I enjoyed this North Carolina group’s debut album last year so much it made my top 10 list for the year. I am delighted to report that the follow up is of a similar quality. I was also pleased to hea a fiddle added to the lineup.
The driving Waylonesque ‘The Whiskey Seems To Always Change My Mind’ oozes retro but convincing outlaw attitude, with a wry lyric about a straight and narrow kind of who gets pulled off the straight and narrow by drinking. It makes an exciting opening to the record. The similarly paced but slightly more Southern rock title track gets a bit repetitive.
The outstanding track is the waltz ‘Angel Like You’, which reminds me of some of Jamey Johnson’s best work. The story song tells the story of a hard working couple, both working 50- hour weeks and still not making ends meet, but whose love sustains them. It’s rooted in reality with its admissions of fights and the man’s temptation to turn to crime, rejected because he knows it would make him “less of a man”. Some pretty fiddle adds the final touch. Lovely.
Also inspired by the reality of today’s harsh economic climate, ‘Crude Oil Blues’ interestingly marries its modern message (complaining about gas prices) to an authentic Jimmie Rodgers style yodelling country blues.
Another contemporary lyric combined with more retro sound is the fast paced cautionary tale of ‘Methamphetamines’. This one sounds like Jerry Reed with added harmonica, and portrays a man’s descent into addiction and prison.

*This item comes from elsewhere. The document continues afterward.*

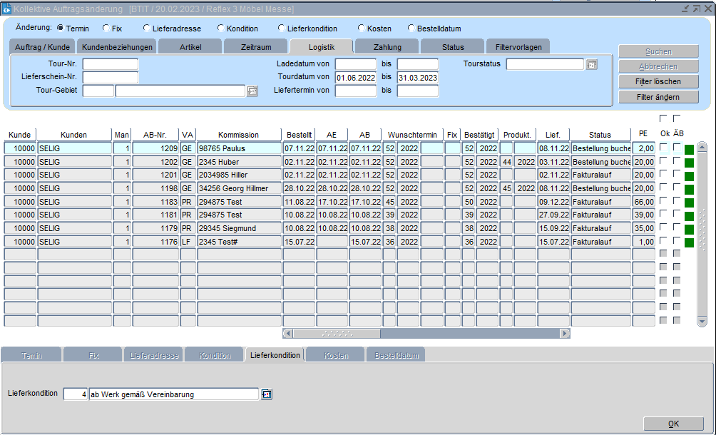 Die Änderung einer Lieferkondition für Aufträge ist leicht möglich, so können anhand von diversen Suchregistern die entsprechenden Aufträge selektiert werden. Im Kopf wird der Radiobutton "Lieferkondition" aktiviert, die Suche wird gestartet.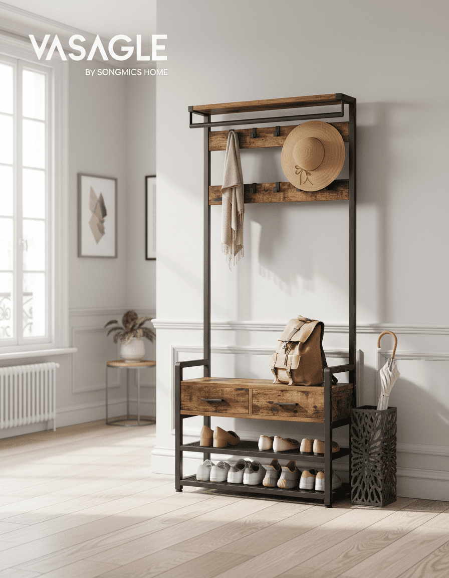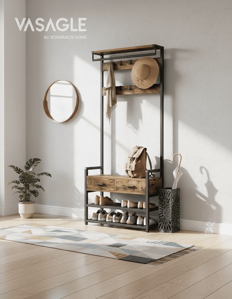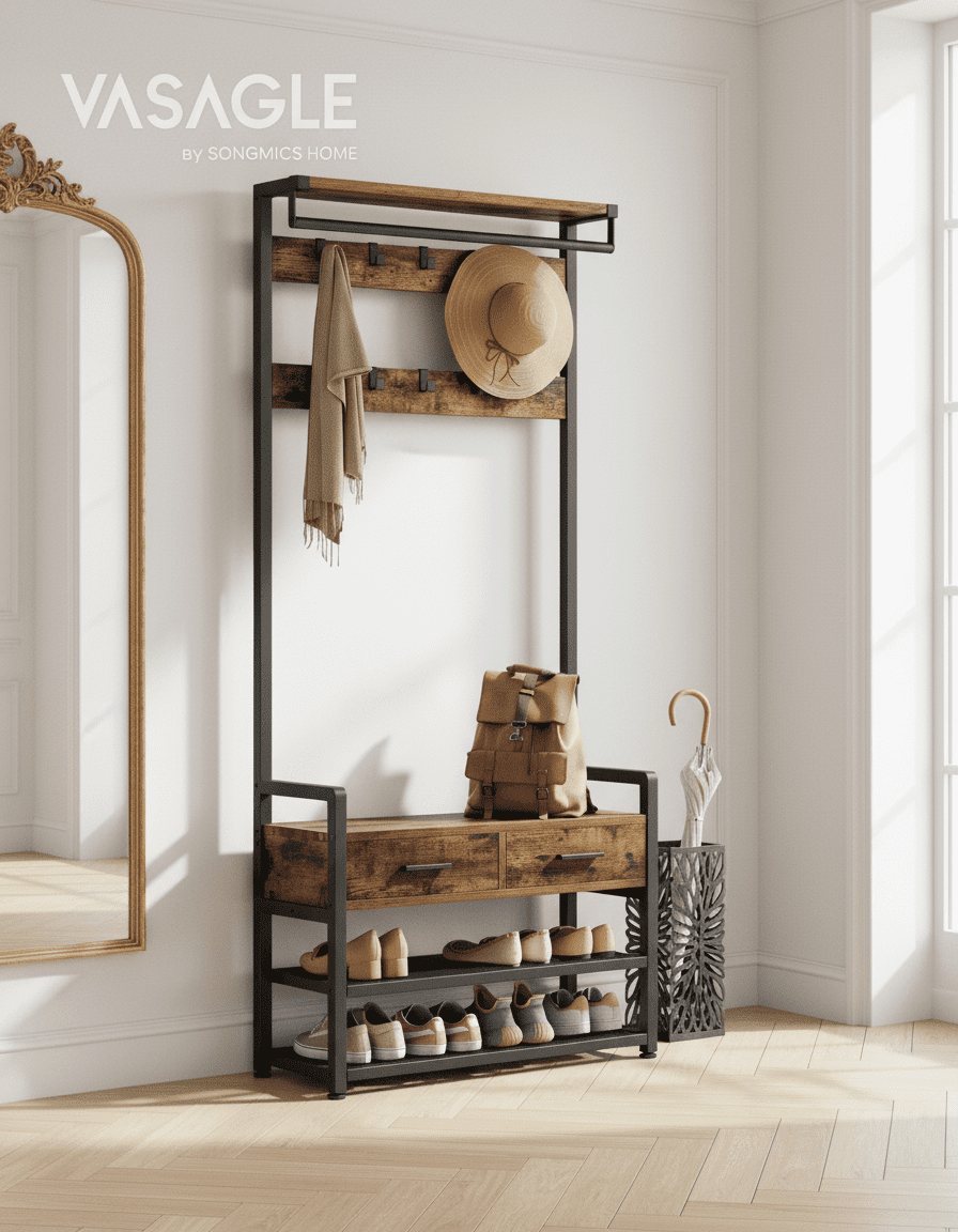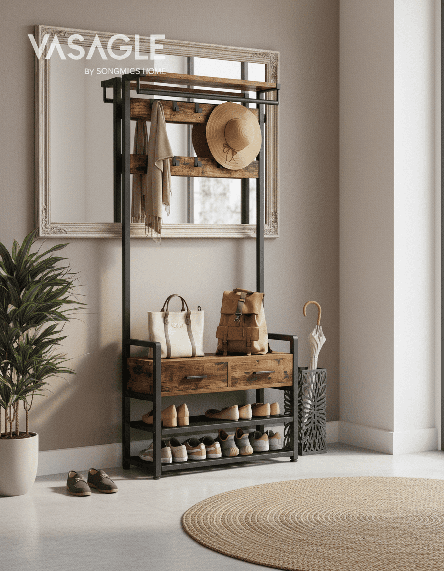 Transformez votre entrée en espace ultra-organisé ! Ce porte-manteau 6-en-1 avec 10 crochets et 2 tiroirs optimise chaque centimètre. Fini le désordre ! Découvrez-le

On a more traditional theme, ‘Heartache Hall Of Shame’ is a honky tonk shuffle with a musician narrator lamenting his foolish jettisoning of a lover for his band and the vain hopes of fame. Another shuffle, the poignant ‘Unwanted’ tells sympathetically of a has-been country singer, a man who is a
Used to be full of shattered dreams that never quite came true
He was top of the line back in his prime a hero for me and you
Now his songs have been forgotten and his name got lost in time
And now he drowns in memories and the liquor and the wine
‘So Easy’ is more personally painful as the protagonist quizzes his loved one about her new love interest, and just where he went wrong. It is the emotional equivalent of picking at a wound, and the rawness of the emotion has an intensity which makes it hit hard.
Drinking is the remedy for a broken heart in ‘Brandy On My Mind’, written by band member Gary Braddy (Brandy is the girl who did the damage, not the drink). Another broken man narrates ‘Not Enough’, as he fights an alcohol problem:
I’m a brother to the blues and a cousin to the rain
My best friends are Jim Beam and Jack Daniels
They’ve always seemed to help me with the pain
My woman says she can believe my drinking
My drinkin’ can’t believe she’d say those things
It’s pointless for me to fight
Cause she won’t be home tonight
And I realise I’ve been talking to myself
Up to now I’ve always been half crazy
But I think that I’ve finally lost my mind
The album closes with two live cuts: an effective cover of Waylon’s ‘Lucille (You Won’t Do Your Daddy’s Will)’, and a retread ‘18 Wheels Of Hell On The Highway’ from his previous album, which is fine, although it wasn’t one of my favorite tracks from that record.
This is highly recommended to anyone who wants to hear some solid, well-written and performed honky tonk music.